WHEN THE MET LOANED REBEKAH A HORSE
A RETIRED police horse was loaned by Scotland Yard to former News International chief executive Rebekah Brooks, it was revealed yesterday.
The ex-editor of The Sun and News of the World was given use of the horse in 2008 – the year after the Sunday newspaper’s royal editor and a private investigator were jailed for phone-hacking.
The disclosure that she was provided with the 22-year-old horse called Raisa to act as ‘foster-carer’ for the animal raises fresh questions about the Met’s relationship with her.
Mrs Brooks, 43 – arrested last July by police investigating phone-hacking and bribery – is a keen rider and is married to Old Etonian racehorse trainer Charlie Brooks. Mrs Brooks was editor of The Sun at the time she was given the horse from the Met’s Mounted Branch and kept it at her sprawling Cotswolds home, paying for its upkeep and vet’s bills.

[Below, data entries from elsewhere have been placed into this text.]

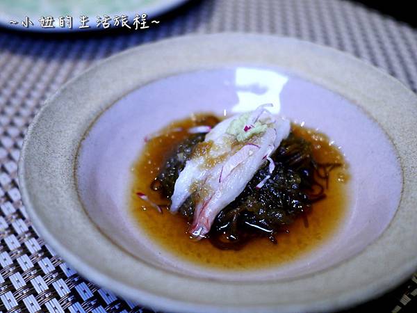 松葉蟹腳、水雲佐洋蔥醬汁,松葉蟹腳是生食,師傅不但幫我們處理好,不需要再剝殼外,味道更是鮮甜多汁;水雲屬於海藻類的一種,口感細緻。因為朋友不吃海藻類的食物,所以妞媽吃了兩份,超滿足的!!
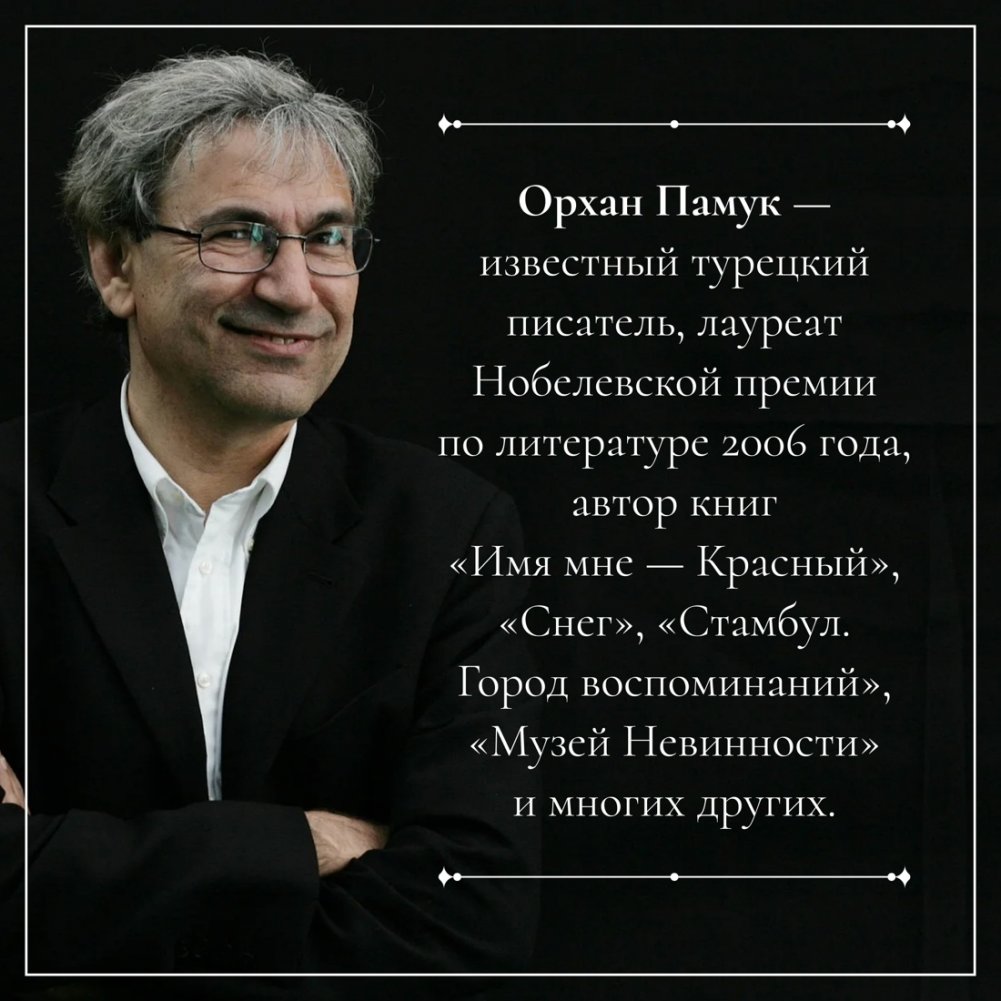 Орхан Памук — известный турецкий писатель, лауреат Нобелевской премии по литературе 2006 года, автор книг «Имя мне — Красный», «Снег», «Стамбул. Город воспоминаний», «Музей Невинности» и многих других.
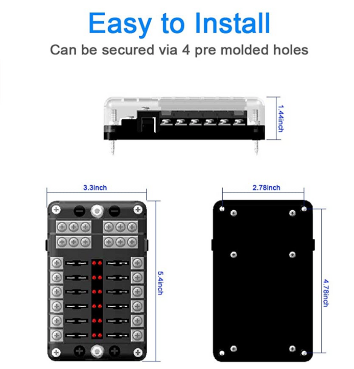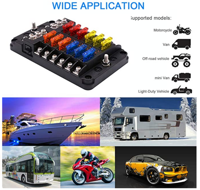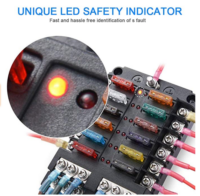 YJ-FB-12-N 12-Way Fuse Box Block Holder with LED Indicator Waterproof
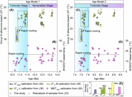 基于上述发现,本研究对柴达木盆地红沟剖面中–上中新统湖相泥岩地层进行了高分辨率密集采样,运用有机地球化学生物标志物技术,系统重建了古湖面温度演化,并进一步估算盆地的古高程变化。研究发现,多数样品中仅含Group III 长链烯酮,少数样品中则同时存在Group III 与 Group II 长链烯酮的混合物。为此,研究采用了最新发展的 UK’38ME (C38甲基烯酮的不饱和度) 温度校正方法,该方法可有效避免烯酮种属混合带来的温度校正误差,从而实现更为准确的古温度重建。重建结果表明,柴达木盆地在晚中新世经历了一次显著的降温事件,古湖泊表面温度下降幅度达 6.6 ± 1.8 °C(图2)。同时,基于源自细菌的生物标志物brGDGTs(支链甘油二烷基甘油四醚)分析的古温度记录亦揭示湖泊水柱在同期发生降温,进一步佐证了这一降温事件的存在(图2)。根据前人建立的两种不同的柴达木盆地新生代地层年代模型判断,该降温事件可能发生在约1130–1080万年前,或770–760万年前。

She had the horse for more than a year before giving it back to the Met in 2010, when it was found a new home with a police officer in Norfolk and subsequently died.
The loan of the horse was made towards the end of Sir Ian Blair’s tenure as Met Commissioner. The former police chief, now Lord Blair, says he was unaware of the arrangement between the police and newspaper executive.
When Met police horses come to the end of their working life they can be lent out to members of the public, although they remain the property of the Met.